[postgis-users] Geocoders - General thoughts and questions
woodbri at swoodbridge.com
Sun Dec 9 19:11:05 PST 2012
I just checked in the wrapper code and some README files to get you
started. the wrappers are in .../api/psql/ folder. See the link to svn
On 12/9/2012 9:23 PM, Stephen Woodbridge wrote:
> On 12/9/2012 1:59 PM, Paragon Corporation wrote:
>>> Does the Tiger geocoder have a set of test address that could be used
>> As far as test address we use, in the PostGIS code base trunk,
>> there is a:
>> extras\tiger_geocoder\tiger_2011\regress folder that has some
>> geocode,reverse_geocode tests we run. These are mostly ones from tickets
>> that people complained about that we fixed.
> If you want a large set of geocoded addresses like the one I ran, I can
> check if we can check it into the project and use it for testing.
> In the past I have just used a large set of addresses that I geocode and
> save, then I repeat that after code changes can compare the results
> including the distances from the previous run. This can be used as a
> sanity check for performance and for changes from a baseline. Obviously
> you have to account for the fact the reference set changing over time,
> but spot checking difference is usually adequate to determine if
> something is really wrong.
>> Loading data:
>>> 1. prep and load data for a reference set
>> PostGIS tiger geocoder does this for tiger set the 2.1 can handle Tiger
>> 2011/2012 load as well via a table driven pseudo rule approach
>> , doing the wget download, unzip, and the shp2pgsql load.

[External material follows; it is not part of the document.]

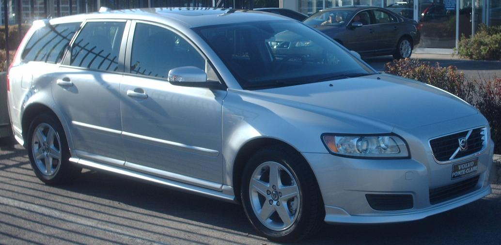 2008 Volvo V50 photographed in Montreal, Quebec, Canada.

>> It also abstracts away Linux vs. Windows all in sql. Basically it
>> uses SQL
>> to generate a Linux/Unix sh script or windows batch script.
>> Does yours currently do that? Just wondering.

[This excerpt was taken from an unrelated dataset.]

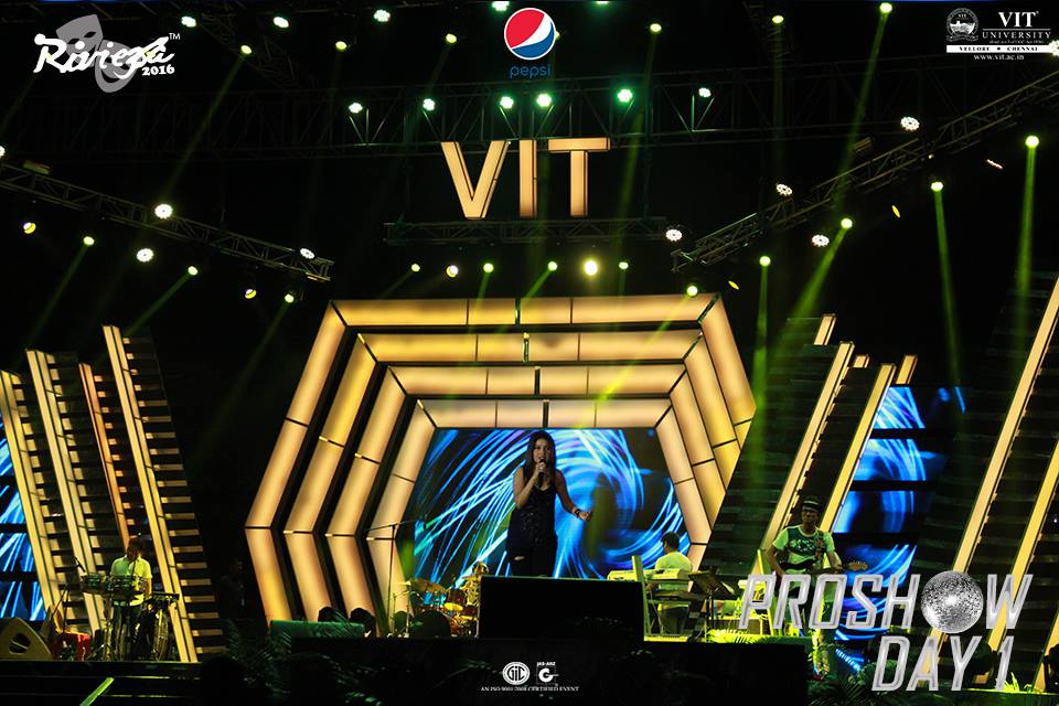 sunidhi

> No, I have Perl and C code that I use to process the Tiger shapefile
> into a standard table structure. I can then you that standard table
> structure for loading PAGC, my reverse geocoder or this new geocoder. I
> have also written another variant on this that will map Navteq data into
> this same table structure. The C code acutally uses a SQLite database
> and a lot of SQL during the process. So it read the raw vendor data
> files and creates new shapefiles using my standard table structure that
> looks like this:
> Filename: /u/srcdata/tiger2012-pagc/01/001/Streets.dbf
> Version: 0x03 (ver. 3)
> Num of records: 11837
> Header length: 737
> Record length: 547
> Last change: 1995/7/26
> Num fields: 22
> Field info:
> Num Name Type Len Decimal
> 1. TLID N 10 0 -- Tiger TLID
> 2. REFADDR N 10 0
> 3. NREFADDR N 10 0
> 4. SQLNUMF C 12 0 -- house num format string
> 5. SQLFMT C 16 0 -- house num format string
> 6. CFORMAT C 16 0 -- house num format string
> 7. NAME C 80 0
> 8. PREDIRABRV C 15 0
> 9. PRETYPABRV C 50 0
> 10. PREQUALABR C 15 0
> 11. SUFDIRABRV C 15 0
> 12. SUFTYPABRV C 50 0
> 13. SUFQUALABR C 15 0
> 14. SIDE N 1 0 -- 1=right, 2=left
> 15. TFID N 10 0 -- Tiger TFID
> 16. USPS C 35 0 -- USPS preferred city name
> 17. AC5 C 35 0 -- place || cousub
> 18. AC4 C 35 0 -- cousub
> 19. AC3 C 35 0 -- county
> 20. AC2 C 35 0 -- state
> 21. AC1 C 35 0 -- country
> 22. POSTCODE C 11 0 -- Tiger Zipcode
>> When we took on maintenance
>> of tiger geocoder, that was the main stickler
>> Was that windows users were in essence forgotten so it was no good for
>> windows users, and since our main client supporting our work
>> Was on windows, this was REALLY important to fix to make it easy for
>> users to load data without much thinking,
>> But we also needed to make sure the process was easy for Linux users.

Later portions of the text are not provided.